To provide a little color here, this payer is one that we have been working on for probably over four years. After substantial discussions with the tipping point really being our clinical trial, the payer began coverage on March 15 with a comparable reimbursement rate. Given the timing shortly before the end of our quarter, any impact of this payer on our Q1 2008 results was certainly minimal.

More broadly, as payer thinks about the value of CardioNet, they compared the reimbursement rates for our products not against Holter monitoring and event monitoring, given the low diagnostic yields of these technologies, but against the $25,000 average hospitalization charge that they would like to avoid. So let's recap where we stand today from a payer perspective.
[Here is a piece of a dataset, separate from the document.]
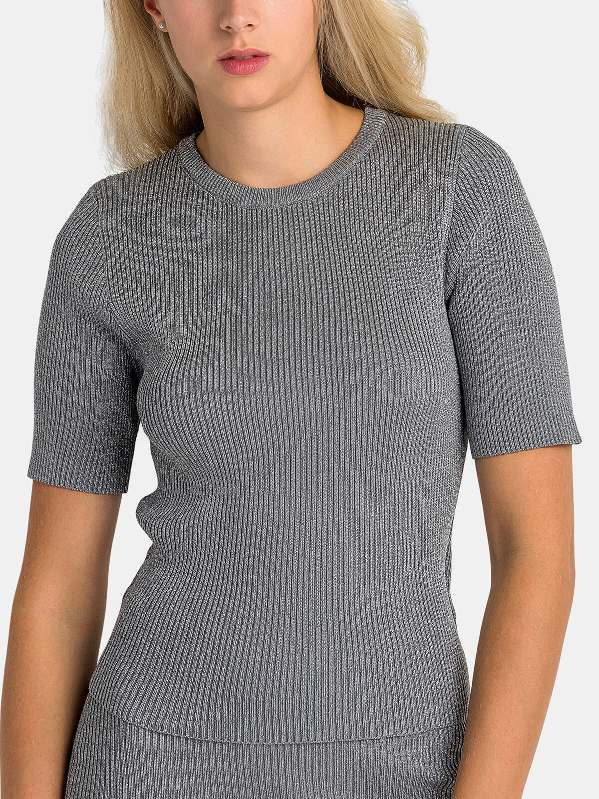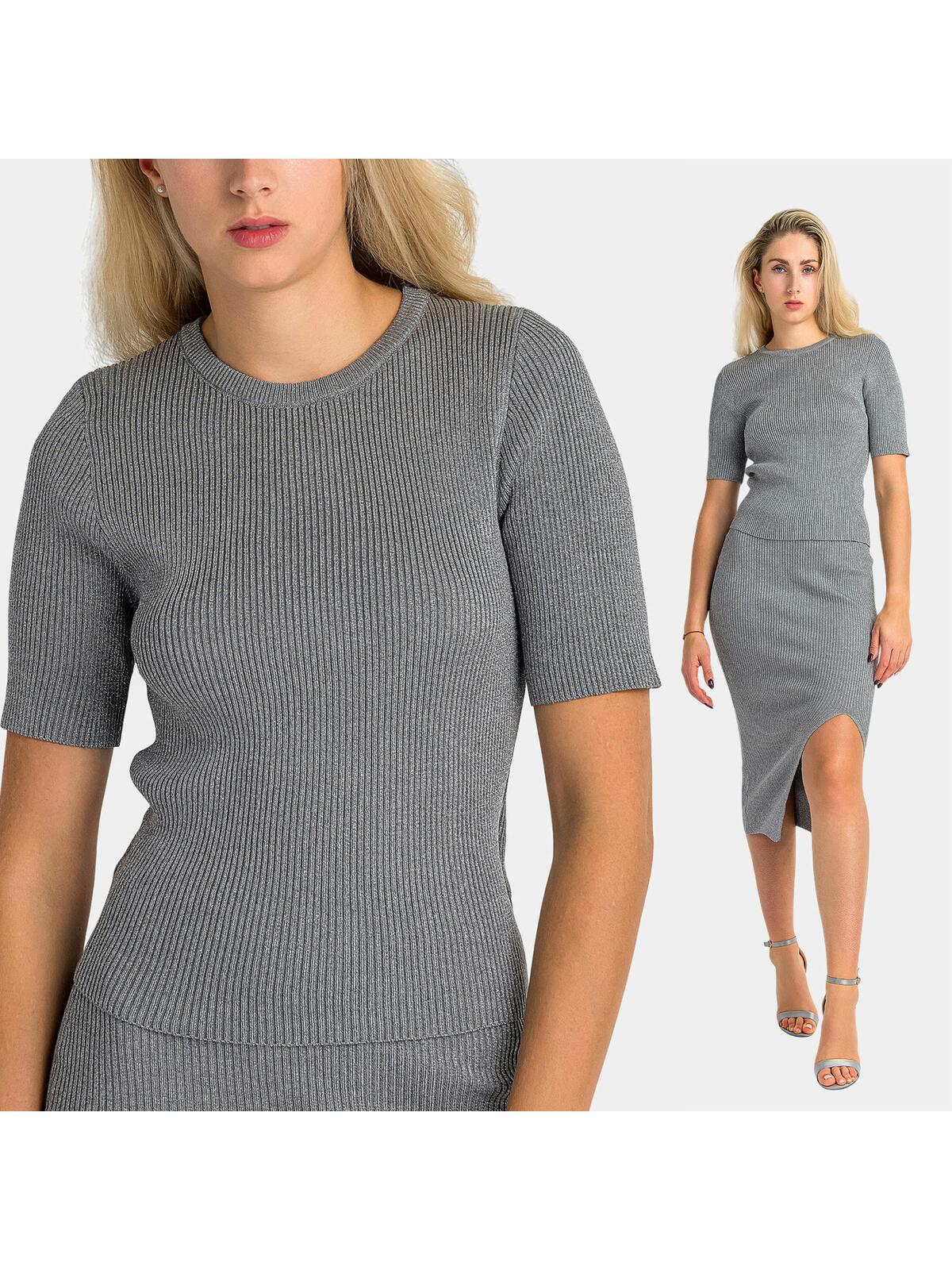 Odkryj urok naszego szarego swetra, który łączy w sobie modny styl i komfort noszenia! Wykonany z wysokiej jakości bawełny, ten sweter z błyszczącą nitką to doskonały wybór na każdą okazję. Jego prążkowany materiał pięknie podkreśla sylwetkę, a okrągły dekolt dodaje elegancji. Krótki rękaw pozwoli Ci na swobodne poruszanie się, a jednocześnie sprawi, że sweter idealnie komponuje się z długimi spódnicami. Rób wrażenie, gdziekolwiek się pojawisz! 💖✨

We believe that we have approximately 176 million covered lives from 170 commercial contracts and paid accounts, representing over 70% of the total targeted lives under contract. We will continue to work hard to make progress with the remaining payers and report progress to our investors as appropriate going forward.

In the first quarter, we have made some significant hires to bolster our senior management team. Most notably, we hired Manny Gerolamo as Senior Vice President Sales and Marketing. Manny most recently ran the cardiovascular specialty sales of Reliant Pharmaceuticals, which, as many of you know, was required by GlaxoSmithKline in late 2007. Under the leadership of Manny, we have organized the sales force across 10 regions within the U.S. to provide greater focus on driving sales at the territory level. Our sales force now consist of 96 sales personnel, by far the largest in the industry.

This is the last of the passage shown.